Sunday, December 29, 2019

Peace in the Darkness of the Year


“Time passes so fast. Make time to be still.” -Lailah Gifty Akita

You need a strategy to cope with short days of light and long dark nights.

Get up and out into the light as soon as it is available. Outside light is best, but a very bright indoor light early in the day will substitute. Drink in that blue daylight like it’s love juice from the sun. It is.

Move the body. Even when you really don’t want to go outside due to bad weather, you can put on music and dance.

Eat early in the day, and stop eating for the day as early as you can. Comfort food usually isn’t, really. Unless you need extra calories because you have to work outside in the cold, a heavy diet in winter isn’t helpful. I like the idea of eating roots in the winter; soups and bakes with ginger, carrots, onions, garlic, beets, potatoes; Earth energy. The creatures and the plants withdraw into the earth at this time.

Feasting is festive though, with friends and loved ones, but for every feast, you need a fast. Keep the balance. The fast before the feast, instead of after, is better because your stomach will shrink, so then you won’t eat as much at the feast, but you will enjoy it just as much.

Remember to feed your heart too. Humans like to hunker in together in the dark times. Go visiting, go to social events, hang out with your sweetie. Call someone far away.

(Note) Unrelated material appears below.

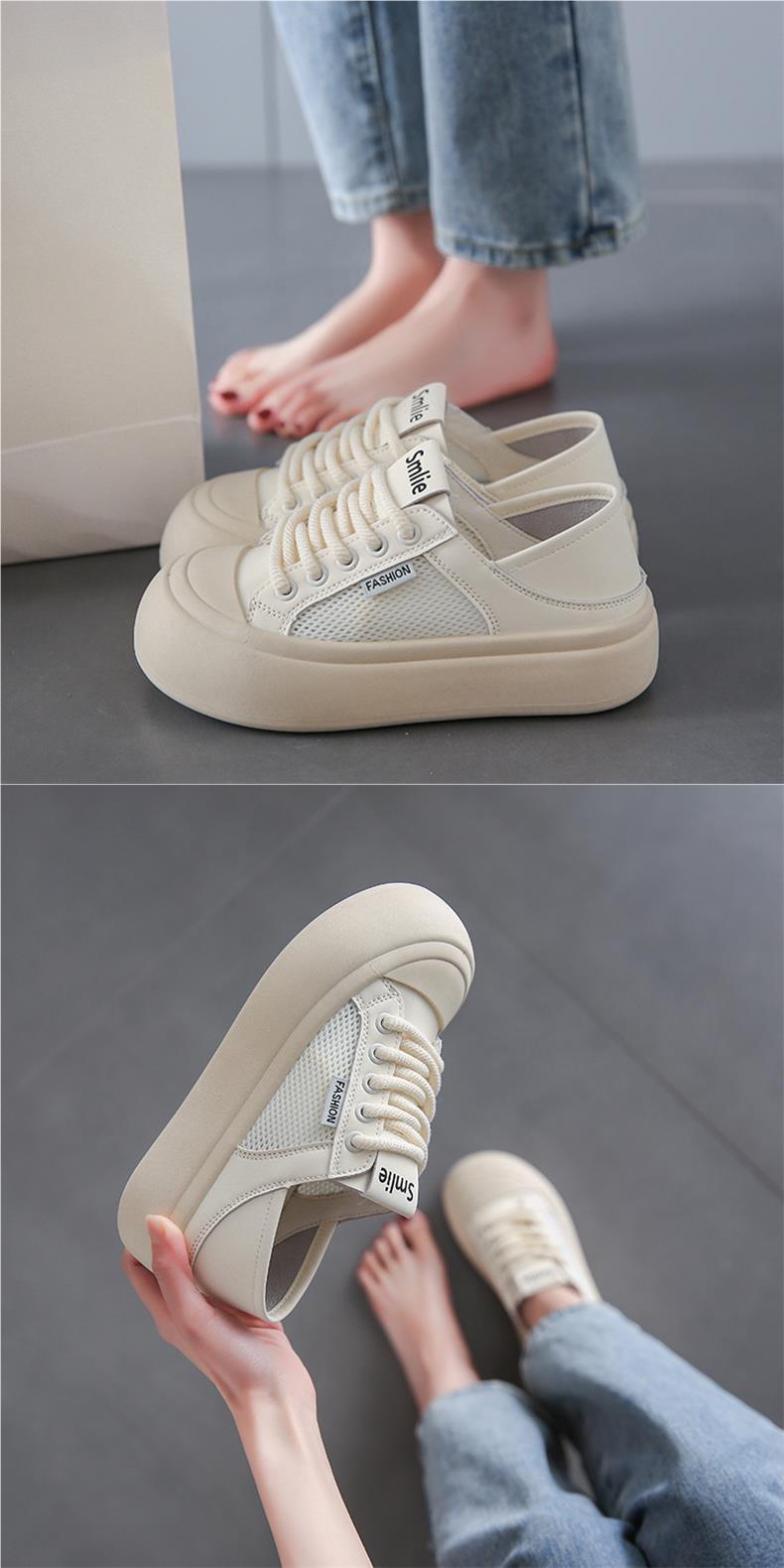 2025년 여름 신상 여성용 빅 헤드 빵 신발, 여성용 투웨어 하프 슬립 두꺼운 밑창 흰색 신발, 여성용 메쉬 통기성 운동화스토어 가기

Just as we traditionally ate stored food from the sunnier times in the solstice season, what else have you stored from the year? Can you read your journals from the year just passing? Maybe scroll through your photos of the past twelve months? 

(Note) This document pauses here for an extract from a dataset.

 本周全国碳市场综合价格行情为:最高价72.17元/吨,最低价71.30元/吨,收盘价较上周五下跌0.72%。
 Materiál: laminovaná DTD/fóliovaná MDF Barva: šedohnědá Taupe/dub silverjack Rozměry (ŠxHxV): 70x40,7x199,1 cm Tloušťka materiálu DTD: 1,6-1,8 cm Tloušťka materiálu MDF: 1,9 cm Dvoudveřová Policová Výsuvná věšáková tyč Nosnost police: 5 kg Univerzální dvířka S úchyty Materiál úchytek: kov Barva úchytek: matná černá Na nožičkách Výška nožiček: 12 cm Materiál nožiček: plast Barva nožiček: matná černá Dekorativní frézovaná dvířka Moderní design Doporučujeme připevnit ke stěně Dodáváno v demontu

If you can, sit by a fire. Give your no longer needed emotional debris to the fire. You can even write it down on a scrap of paper and toss it in.  This is the end of a cycle, so you can go with flow and release whatever else you no longer need or want. The fireplace will take your unwanted stuff and keep you warm, clearing your aura in the process. 

Light a candle. Or just “cocoon”, curl up with a book and a blanket.

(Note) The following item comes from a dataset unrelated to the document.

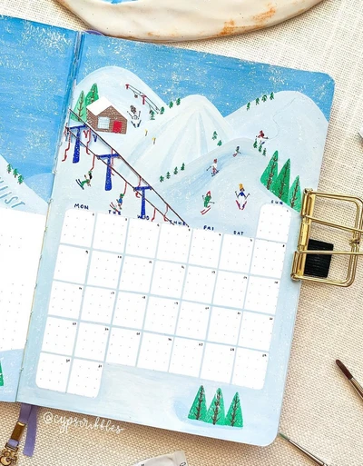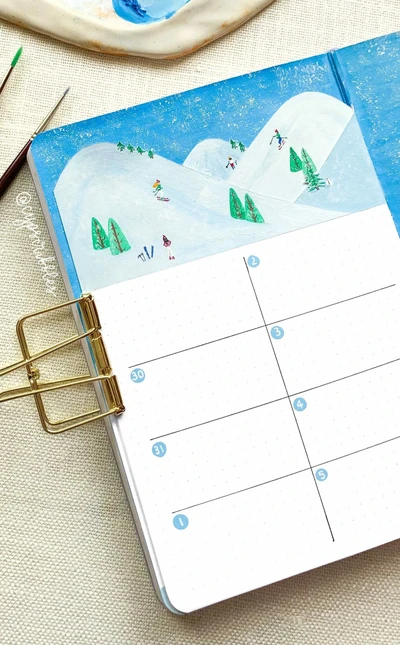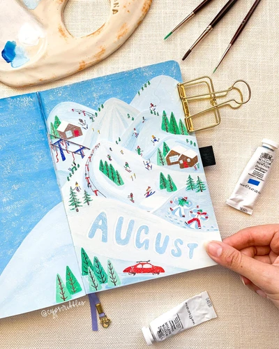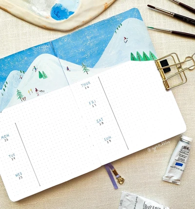 π² “Winter in August! βοΈπΏ This unique spread brings a cool and refreshing vibe to your planning with beautiful mountain and snow illustrations. Stay organized with a touch of winter magic. πΈπ ”

This is a good time of year to center, find spirit, to just stop. In the past, the mountain passes would close, and the commerce would pause. Even today, many people get vacation around solstice. There is nothing quite as quiet as a day when the snow is so deep that the roads are impassable and the power is out due to fallen trees, but one need not go to extremes. Things generally slow down at this time so why not also pause?

In the quiet, in the stop, in the silence, feel the empty space. Nature does not abhor a vacuum, nature loves to fill one. Make a space for the new. Make some empty time for inspiration and it will come. 

Hold out your open cupped hands to the possibilities. Visualize love glowing there, and you will hold in your hands a crystal ball. A bowl of the to the yet to become, the still unsprouted seed coat of what is to grow in the coming year. Then, be at peace. Cherish the moment. And wait.



Soon enough, you will feel moved from within, as surely as time marches on, as unstoppable as spring. You will be spring loaded. Before long, things will be moving at such a pace that you will fondly remember this moment and draw strength from it as you fly into the dizzy busy times you only dream of in this still dark night.

“Om is said to be a four-syllable word in Sanskrit, originally as AUM. A, the waking state. U, the dream state. M, the unconscious state. And the fourth, the silence that surrounds it—wherefrom everything arises and whereto everything inevitably returns.”  -Drew Gerald

I wonder what may spring from this still moment.